- **SUPPLIED MATERIAL**:
-- Opening Marker --
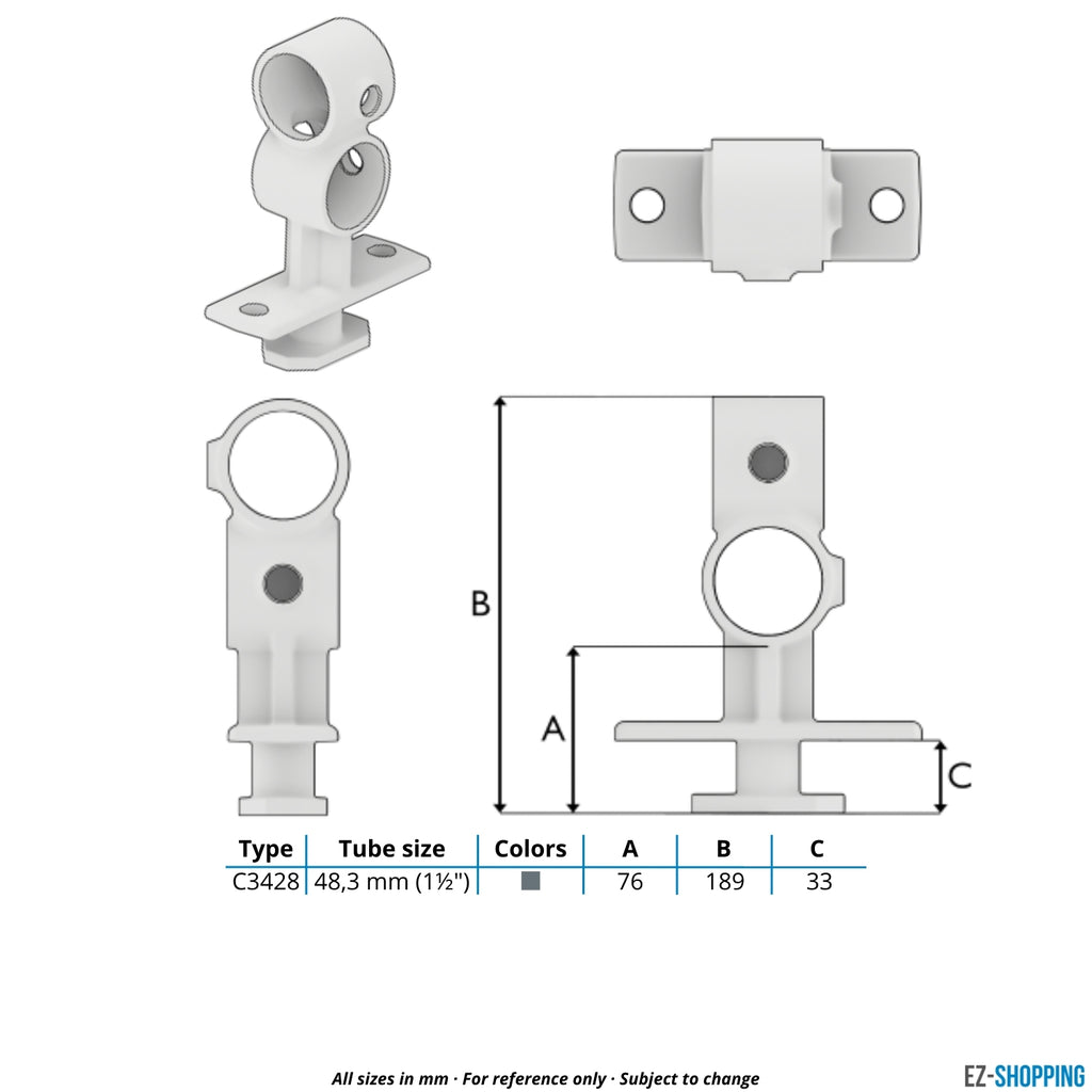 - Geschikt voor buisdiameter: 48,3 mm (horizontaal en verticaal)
-- Closing Marker --
-- Opening Marker --
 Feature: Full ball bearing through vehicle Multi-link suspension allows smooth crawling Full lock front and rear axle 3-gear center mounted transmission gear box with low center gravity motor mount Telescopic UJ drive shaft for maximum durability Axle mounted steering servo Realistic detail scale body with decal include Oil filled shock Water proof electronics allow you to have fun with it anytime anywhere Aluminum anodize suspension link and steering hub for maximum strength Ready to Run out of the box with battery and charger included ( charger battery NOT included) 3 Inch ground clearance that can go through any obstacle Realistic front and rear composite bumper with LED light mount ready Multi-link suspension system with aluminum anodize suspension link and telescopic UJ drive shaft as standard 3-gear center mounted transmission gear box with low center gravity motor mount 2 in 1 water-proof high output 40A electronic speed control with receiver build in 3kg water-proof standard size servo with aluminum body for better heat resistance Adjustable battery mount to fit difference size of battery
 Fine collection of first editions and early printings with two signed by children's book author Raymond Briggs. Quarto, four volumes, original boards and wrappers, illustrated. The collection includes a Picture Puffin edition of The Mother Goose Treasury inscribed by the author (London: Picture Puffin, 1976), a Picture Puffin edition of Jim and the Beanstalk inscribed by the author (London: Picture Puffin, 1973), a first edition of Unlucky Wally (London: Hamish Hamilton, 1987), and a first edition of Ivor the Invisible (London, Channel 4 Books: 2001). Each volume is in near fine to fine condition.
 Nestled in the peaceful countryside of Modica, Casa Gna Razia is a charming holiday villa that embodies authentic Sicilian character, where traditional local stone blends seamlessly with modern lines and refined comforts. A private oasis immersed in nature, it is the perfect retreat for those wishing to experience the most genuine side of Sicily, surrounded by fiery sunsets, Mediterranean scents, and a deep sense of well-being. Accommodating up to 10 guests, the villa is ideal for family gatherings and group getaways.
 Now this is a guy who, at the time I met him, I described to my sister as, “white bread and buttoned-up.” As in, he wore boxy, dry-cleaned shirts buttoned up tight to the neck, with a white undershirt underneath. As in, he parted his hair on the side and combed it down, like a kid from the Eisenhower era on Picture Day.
-- Closing Marker --
- **EXERCISE OBJECTIVE**: Would you copy, unchanged, the stretch of the records above that begins at the line containing "Nestled in the" and ends at the line containing "Now this is", and only that?

- **WRITTEN RESPONSE**:
 Nestled in the peaceful countryside of Modica, Casa Gna Razia is a charming holiday villa that embodies authentic Sicilian character, where traditional local stone blends seamlessly with modern lines and refined comforts. A private oasis immersed in nature, it is the perfect retreat for those wishing to experience the most genuine side of Sicily, surrounded by fiery sunsets, Mediterranean scents, and a deep sense of well-being. Accommodating up to 10 guests, the villa is ideal for family gatherings and group getaways.
 Now this is a guy who, at the time I met him, I described to my sister as, “white bread and buttoned-up.” As in, he wore boxy, dry-cleaned shirts buttoned up tight to the neck, with a white undershirt underneath. As in, he parted his hair on the side and combed it down, like a kid from the Eisenhower era on Picture Day.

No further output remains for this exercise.